There once was a devoted priest who wished to have a vision of both heaven and hell, and God gave way to his pleading. The priest found himself before a door which bore no name. He trembled as he saw that it opened into a large room where all was prepared for a feast. There was a table, and at its center, a great dish of steaming food was set. The smell and the aroma tantalized the appetite. Diners sat around the table with great spoons in their hands, yet, to the priest's surprise, they were miserable— gaunt with hunger. They tried desperately to feed themselves, but gave up—cursing God—for the spoons that God had provided were so long that they could not reach their mouths. So these pitiable self-feeders starved while a feast lay before them. The priest had seen enough, so the door to this room closed before his eyes.

Next, the priest found himself standing before another door that appeared the same as the previous one. He began to despair, for he did not want to see that scenario again. Again, the door opened, and it led to a room just like the first. Nothing had changed. There was a table at the center of the room with a dish of steaming, delicious food. Around it were the same people. But there were no cries of anguish, and no one appeared gaunt and starving, even though they, too, had the same elongated spoons. Nothing had changed, yet everything had changed. With the same long spoons these people reached to each other's mouths, and fed one another. And their joy was over flowing.
Are we ready to see what God is doing today that is new? Is our faith open enough? It can be frightening not knowing what is in store, but it is God who invites on this journey, and there will be refreshment:
for I give water in the wilderness, rivers in the desert, to give drink to my chosen people, the people whom I formed for myself.
We need to trust that God will lead us where we need to go, for our job is to seek out where God indeed is doing new things & from their we will be fed… Maybe we need some theme music…{cue star trek theme song}

Which means we must boldly go as Christians, to seek out that new life, that new civilization that God wants us to begin here on earth. For us on board the USS St. Peter, it begins as we boldly go with our new mission to reach out in love to children in need in a Russian Orphanage. But this isn’t just about us reaching out to them, but knowing we will also be transformed as we learn about a different culture, as we learn about the faith they inhabit, as we hear their music, taste their food. This is mission is really a two way street, a street that God has us traveling. That our faith will be made new as we reach out our hand in love to others.
“The Church’s mission is response to the living God Who in God’s love creates, reveals, judges, redeems, fulfills. It is God who moves through our history to teach and to save, who calls us to receive His love, to learn, to obey and to follow. Mission is not the kindness of the lucky to the unlucky; it is mutual, united obedience to the one God whose mission it is.”
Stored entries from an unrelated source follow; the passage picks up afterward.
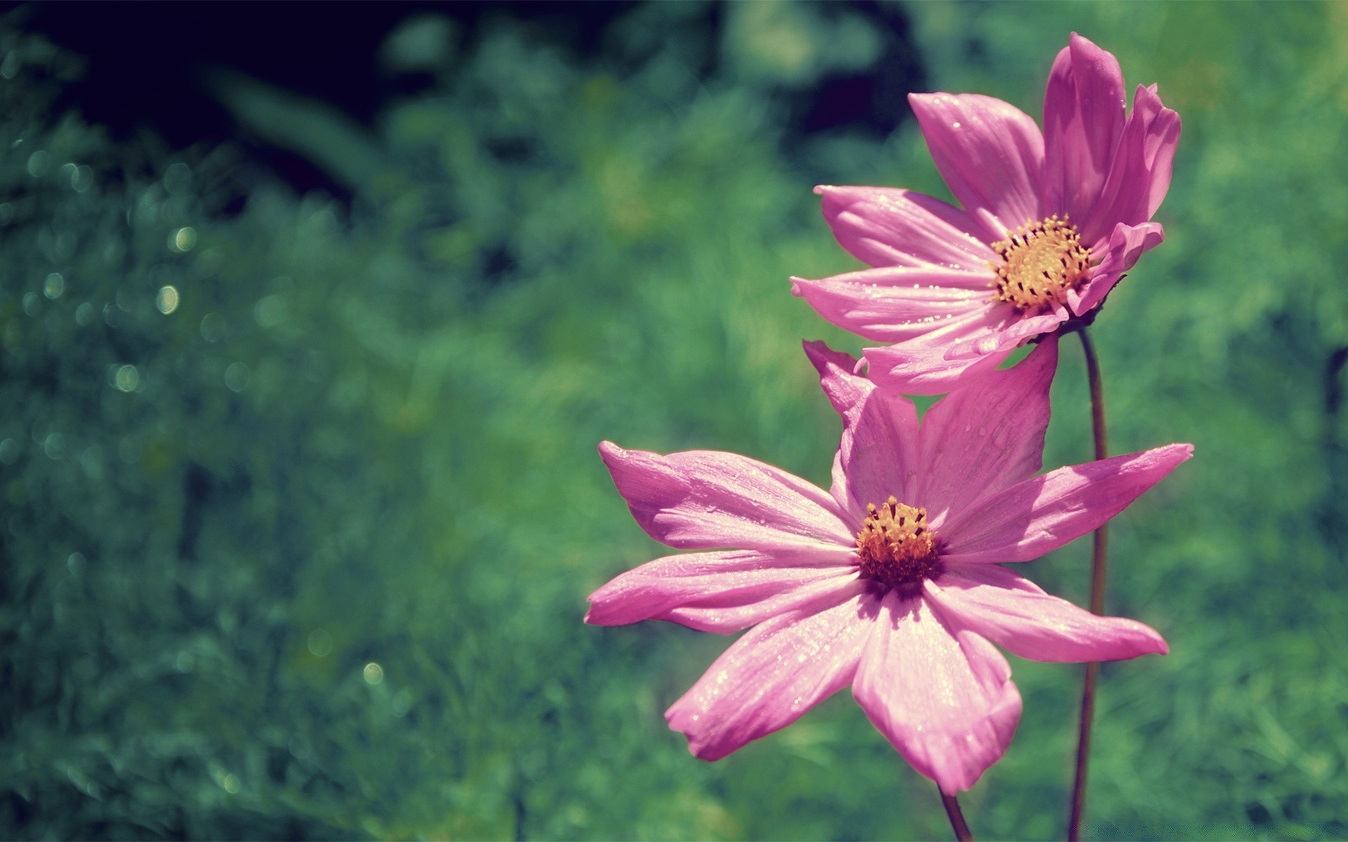 Bulanık yeşil bir arka plan üzerinde iki pembe çiçek
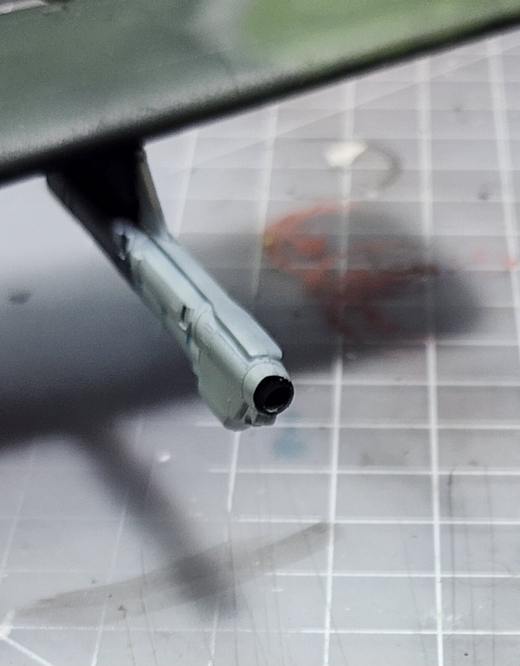 I was looking at my references and thought that the jammer under the port wing was supposed to have a glass front, so I cut off the front tip.
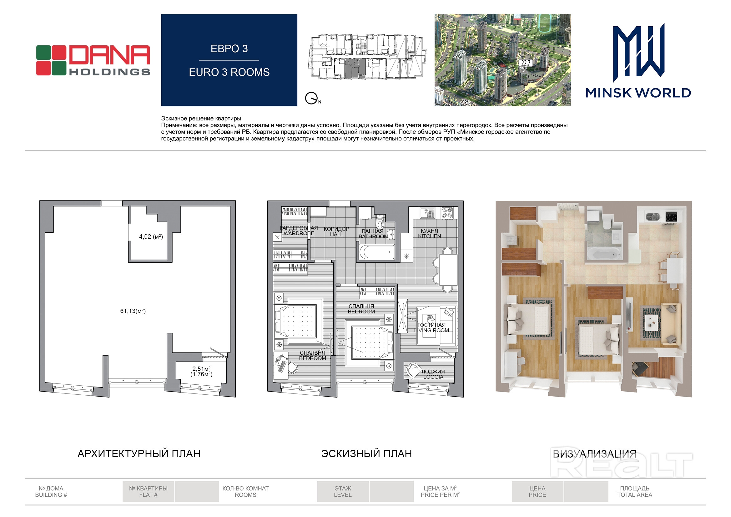 Квартира 107 в Минск Мир / Дом 22.7, площадью 66 кв.м.
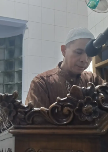 Ustaz Baidowi memberikan tausyiah menjelang berbuka di Masjid Al-Ukhuwah, beliau membahas tafsir penciptaan manusia sebagai khalifah di bumi.
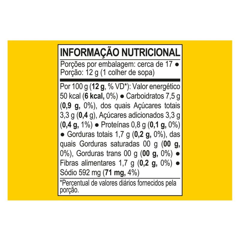 • A Mostarda Tradicional Arisco é muito saborosa, realçando o sabor das suas receitas • A Mostarda Tradicional Arisco é incrivelmente versátil, rende muito e realça o sabor das suas receitas • Esta mostarda dá gosto de ter em casa, pois conta com ingredientes de alta qualidade e muito sabor • A Mostarda Tradicional Arisco dá cor e sabor para as suas receitas, sendo perfeita para o preparo de strogonoffs, sanduíches, hambúrgueres, asinhas de frango e muito mais • A nossa mostarda contém glúten e também pode conter trigo, centeio, cevada, aveia, soja e ovo • A Mostarda Tradicional Arisco 200 g traz praticidade para o seu dia a dia Descubra a deliciosa Mostarda Tradicional Arisco, muito saborosa, realçando o sabor das suas receitas. Sua versatilidade surpreende, realçando os sabores das mais variadas receitas. Com ingredientes de alta qualidade, ela garante sabor às suas criações culinárias. A Mostarda Tradicional Arisco é perfeita para o preparo de strogonoffs, sanduíches, hambúrgueres, asinhas de frango e muito mais, acrescentando cor e sabor às suas preparações. A Mostarda Tradicional Arisco é ideal para deixar as suas receitas mais saborosas ou dar aquele toque especial em molhos e temperos. Além disso, sua embalagem de 200g garante praticidade para o seu dia a dia, permitindo que você tenha sempre à mão esse tempero essencial para suas preparações. A Mostarda Tradicional Arisco contém glúten e pode conter vestígios de trigo, centeio, cevada, aveia, soja e ovo. Portanto, pessoas com restrições alimentares devem estar atentas. Deixe-se encantar pela versatilidade e o sabor marcante da Mostarda Tradicional Arisco, e desfrute de momentos culinários ainda mais especiais com essa companheira indispensável em sua cozinha. Realce o sabor das suas refeições com a prática e saborosa Mostarda Tradicional Arisco! Experimente também outros produtos Arisco para deixar as suas receitas ainda mais saborosas, como o Ketchup Arisco Tradicional e a Maionese Arisco Tradicional. Arisc
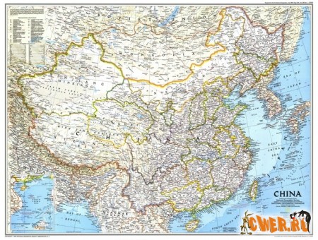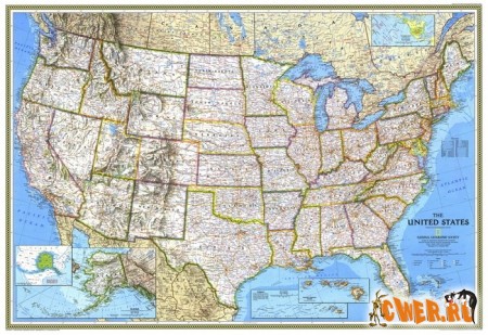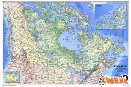 Физическая карта мира от научного общества National Geographic. Карта в разрешении 6000x4194. Содержит имена всех вершин, морских и океанических впадин, с указанием их высот и глубин соответственно.

We live out our mission by what we give, what we say, and how we in turn see the new thing God is doing in our lives by God’s mission in this world today. As one person put it,
“Make your life a mission – not an intermission.” (Arnold Glasgow)
It can be scary but it is also enlivening, for the Spirit of God will lead us in fulfilling God’s mission today. So on this day, as we look to see what new things God is calling us into here at St. Peter’s Church and the call for each of us to live out our faith in our daily lives, I invite you into a prayer, a prayer from the Metropolitan Bishop of Moscow in 1876 that speaks to our search for God’s will in our life:
O God, I do not know what to ask of you. You alone know my true needs and love me more than I know how to love. I ask neither for cross nor consolation, but only that I may discern and do your will. Teach me to wait in patience with an open heart, knowing that your ways are not our ways, and your thoughts are not our thoughts. Help me to see where I have erected idols of certitude to defend myself from the demands of your ever unfolding truth: truth you have made known to us in the one who is the truth, our Savior Jesus Christ. Amen.